By Kelly Holleran | Jan 26, 2010

HUNTINGTON –- GC Services employees filed a class action lawsuit against the company, claiming it failed to pay them for overtime.

Nine former and current GC Services employees filed a putative class action lawsuit Nov. 13 in U.S. District Court for the Southern District of West Virginia against GC Services.

All plaintiffs say they worked at the company's call center location in Huntington where they primarily dealt with delinquent accounts. The plaintiffs receive a base pay rate and incentive pay if they meet certain requirements, such as spending at least 90 percent of their time on the phone with customers, according to the complaint.

"To meet the requirements for incentive pay, Plaintiffs are required to arrive at their work stations before their scheduled start times in order to perform a number of critical tasks," the suit states. "Those tasks include turning on and booting up their computers, starting up various programs, and logging onto various systems. Such tasks must be completed by GC Services's call center workers before their scheduled start times, so that they are ready to receive and process incoming customer service calls at their scheduled start times."
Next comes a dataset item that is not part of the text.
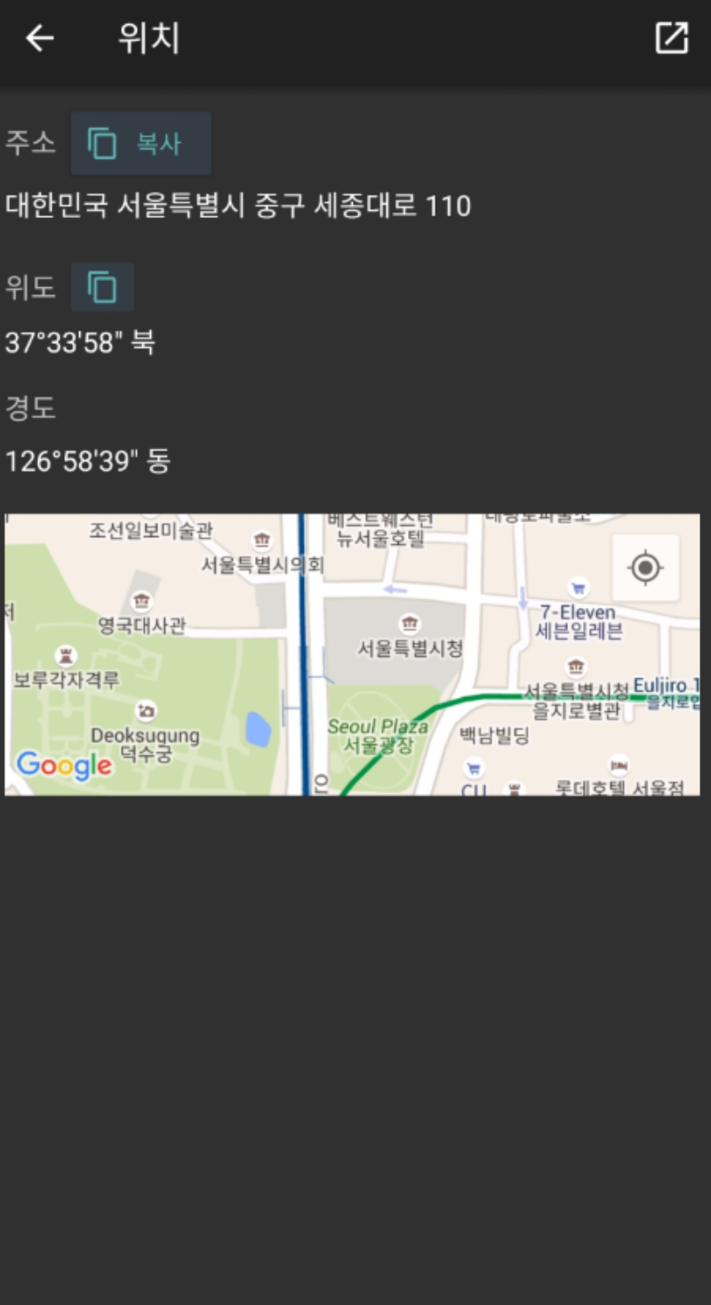 4. 지도 모양 아이콘을 선택하면 현재 내가 있는 곳의 정확한 주소와 함께 위도, 경도 정보까지 상세하게 확인할 수 있어요. 내 위치를 다른 사람에게 알려주어야 할 때 아주 유용하게 사용할 수 있습니다.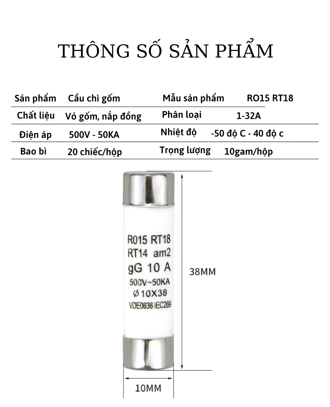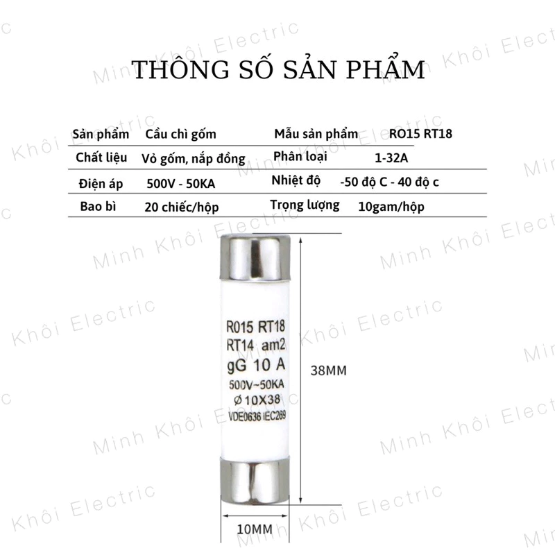 Chất liệu: Vỏ bọc sứ cách điện, 2 đầu làm từ hợp kim chống gỉ

In addition to arriving to work early, GC Services workers say they must return from their 30-minute lunch break before it ends because their software automatically disconnects them from the system if it is idle for more than 25 minutes.

"To meet their 90 percent quota, Plaintiffs must log in before clocking-in at the start of their shift and must return from their meal break early to prevent their terminal from disconnecting them from the system," the complaint says.

GC Services managers also punish any employees who work overtime by writing them up and including the penalty as part of their personnel file, according to the complaint.

"Many times, call center employees have calls that continue past the end of their shift," the suit states. "To avoid disciplinary sanctions, call center employees work off-the-clock to assist customers that call in just before the end of their shift."

In their suit, the plaintiffs allege GC Services violated the Fair Labor Standards Act of 1938.

They want the court to issue an order allowing a notice advising former and current GC Services employees of their right to participate in the action if they worked off the clock; to issue an order that the company's actions are unlawful; and to issue an order directing GC Services to reimburse Plaintiffs for unpaid overtime they spent working. They also seek liquidated damages, costs, attorney's fees and other relief the court deems just.

G. Patrick Jacobs of the Law Office of G. Patrick Jacobs in Charleston will be representing it.